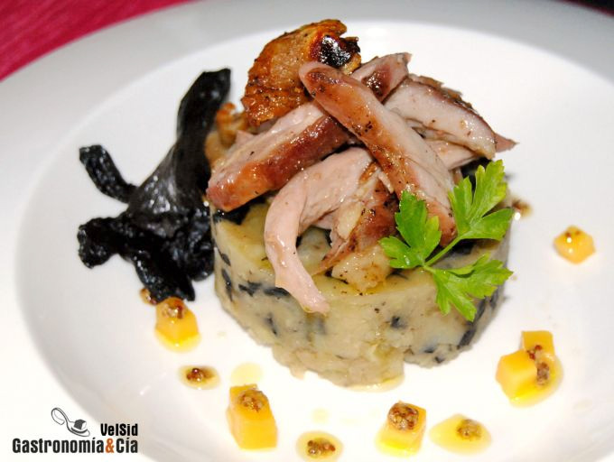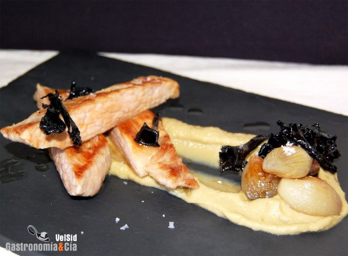 Magret de pato con salsa de uvas y trompeta de la muerte
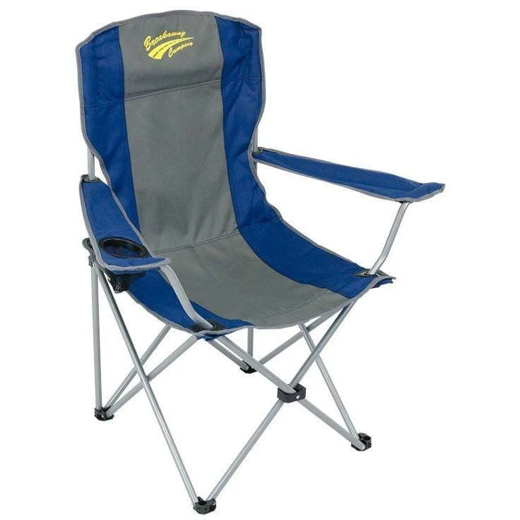 Breakaway with this great value Quad Fold Everyday camping chair. Strong powder coated 17mm steel frame. Cover of 600D PVC coated fabric complements the strong steel frame. Convenient Drink holder located in the arm of the chair.
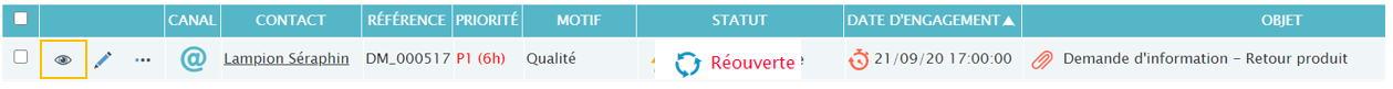 N’oubliez pas de clôturer la demande initiale qui a été réouverte. Dans l’historique de la demande réouverte, vous avez l’information dans son historique que le dernier échange entrant a été converti en nouvelle demande :

▶ [Aim of the task]: With the images omitted, repeat all the data word for word.

▶ [Output of the exercise]:
 Magret de pato con salsa de uvas y trompeta de la muerte
 Breakaway with this great value Quad Fold Everyday camping chair. Strong powder coated 17mm steel frame. Cover of 600D PVC coated fabric complements the strong steel frame. Convenient Drink holder located in the arm of the chair.
 N’oubliez pas de clôturer la demande initiale qui a été réouverte. Dans l’historique de la demande réouverte, vous avez l’information dans son historique que le dernier échange entrant a été converti en nouvelle demande :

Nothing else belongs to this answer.